А говорили они приблизительно вот о чем.

ОНА: Как я устала от этих бумагомарак! Раньше давали заказы на книги, теперь – на книжонки.

ОН: Узнаю свою королеву. Растравляешь депрессию по пустякам.

ОНА: По пустякам?! У меня мозги набекрень. Не желаю возиться с коммерческим хламом. За полгода – семнадцатый кряду роман для невежд, дикарей и дебилов.

ОН: Не делай из мухи слона. Пописывай что-то свое – в качестве противоядия. А для дебилов переводи в промежутках.

ОНА: Ты не улавливаешь: я измельчала. Роюсь и роюсь, как шавка в помоях, в голимой макулатуре. Оттого и сама деградирую. Я почти разлагаюсь.
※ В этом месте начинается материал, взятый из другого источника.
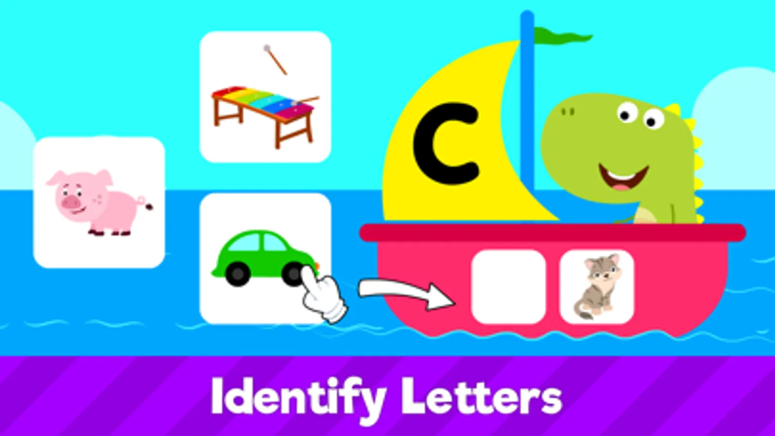 Tap on the uppercase and lowercase letters to form a bridge & go on a fun trip with dogs, cats, elephants & more!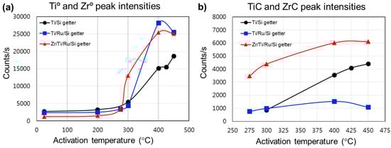 In order to establish a comparison elucidating the performance related to each investigated getter structure, we plotted (Figure 4) the intensities of the metallic and carbidic states evolution during the thermal activation. The metallic states generation on the getter surface enhanced the sorption properties, while the formation of carbide or other stable compounds reduced the getter activity by reducing the density of available metallic adsorption sites favorable to react with gas species on the surface. Hence, the distribution and evolution of the metallic and carbidic species on the getter surface gave insight into the gettering mechanism and performance evaluation after each activation process. Figure 4a shows the comparison between the metallic state intensity variation and activation temperature. The metallic state (Ti0, Zr0) intensity was shown to be higher for getters with a structure using a Ru sub-layer, whereas the Zr/Ti/Ru/Si NEG presented better values compared to the Ti/Ru/Si NEG before activation at 400 °C. Furthermore, it was also seen that the activation of the Zr/Ti/Ru/Si NEG starts to be triggered at a temperature lower than the other getters. Meanwhile, the carbidic state intensity was found to be higher for the Zr/Ti/Ru/Si NEG compared to Ti-upper layer based NEGs without and with a Ru sub-layer (Figure 4b). Also to be noticed is that the carbidic intensity level, for the getters of a structure with a Ru sub-layer, underwent an apparent continuous increase with activation temperature from its appearance in the second regime.

ОН: Нюнить завязывай. Тоже мне – горе! Левой ногой накалякать халтурку за щедрое вознаграждение. Отстрелялась за пару часов и пиши себе Литературу.

ОНА: Да какое там – литература! Я примитивная бездарь.

ОН: Брось прибедняться, не умаляй свой талант.

ОНА: Много ты понимаешь! Дай-ка я объясню про талант: одно дело – писать о том, о чем болит душа, и совсем другое – о чем скулит душонка. Так вот, у меня не душа, а душонка.

ОН: Не подозревал у тебя столь заниженной самооценки.

ОНА: Считай, что это повышенный иммунитет на вульгарную лесть. Жаль, что к нему прилагается рвотный рефлекс на халтуру. Я хочу от нее отказаться.

ОН: Не нужно спешить. Потерпи.

ОНА: И сколько прикажешь терпеть? До пришествия Третьего Времени?

ОН: До сошествия первого в гроб.

ОНА: Я сама помру раньше.

ОН: Пиши. Ну хотя бы попробуй.

ОНА: Противно. Мне даже противно читать.

ОН: Не выдумывай.

ОНА: Честное слово! Что ни тронешь – все фальшь. Книги, музыка, живопись – фальшь. Мы настолько фальшивы, что делаем фальшью искусство, стоит лишь нам на него посмотреть.

ОН: На, открой.

ОНА: Не хочу.

ОН: Твой любимый художник.

ОНА: Убийца!

ОН: Зря, что ли, он создает из убийств красоту? Открывай.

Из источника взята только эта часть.